WHAT IS EXPECTED —
Exclude the pictures and set down, unaltered, the lines from the one that holds "You will arrive" through the end of the data.

(Stored items)
#####

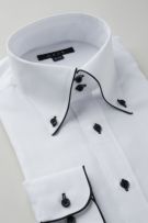 見栄え・着心地抜群+お手入れ楽々+環境に優しいエコ素材使用!?衿・カフスにサテンテープパイピングのドゥエボットーニBDシャツ
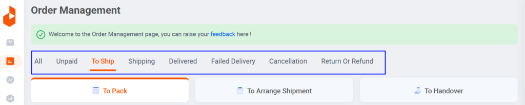 You will arrive at ‘Orders Overview‘ Page. Go to the relevant tab and export orders.
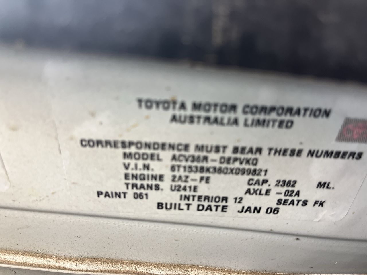 | Part of Sale | 2006 Toyota Camry Sportivo ACV36R Automatic Sedan | ||||||||||||||
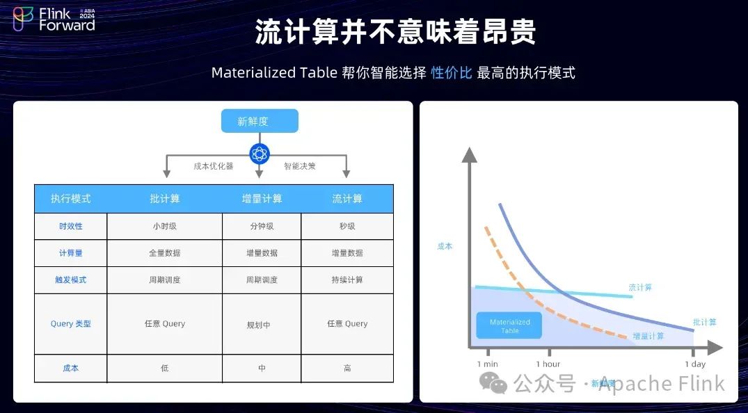 由于 Materialized Table 具备不同的计算能力,结合用户指定的 Freshness 以及成本优化器,会自动的选择一个最优的执行模式。这意味着 Materialized Table 能达到用户期望的成本和新鲜度的平衡,这也是用户层面最关心的事情。
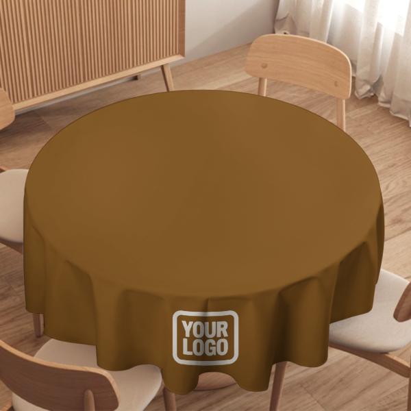 Custom Khaki White Round Table Cloth

#####

RESULT —
 You will arrive at ‘Orders Overview‘ Page. Go to the relevant tab and export orders.
 | Part of Sale | 2006 Toyota Camry Sportivo ACV36R Automatic Sedan | ||||||||||||||
 由于 Materialized Table 具备不同的计算能力,结合用户指定的 Freshness 以及成本优化器,会自动的选择一个最优的执行模式。这意味着 Materialized Table 能达到用户期望的成本和新鲜度的平衡,这也是用户层面最关心的事情。
 Custom Khaki White Round Table Cloth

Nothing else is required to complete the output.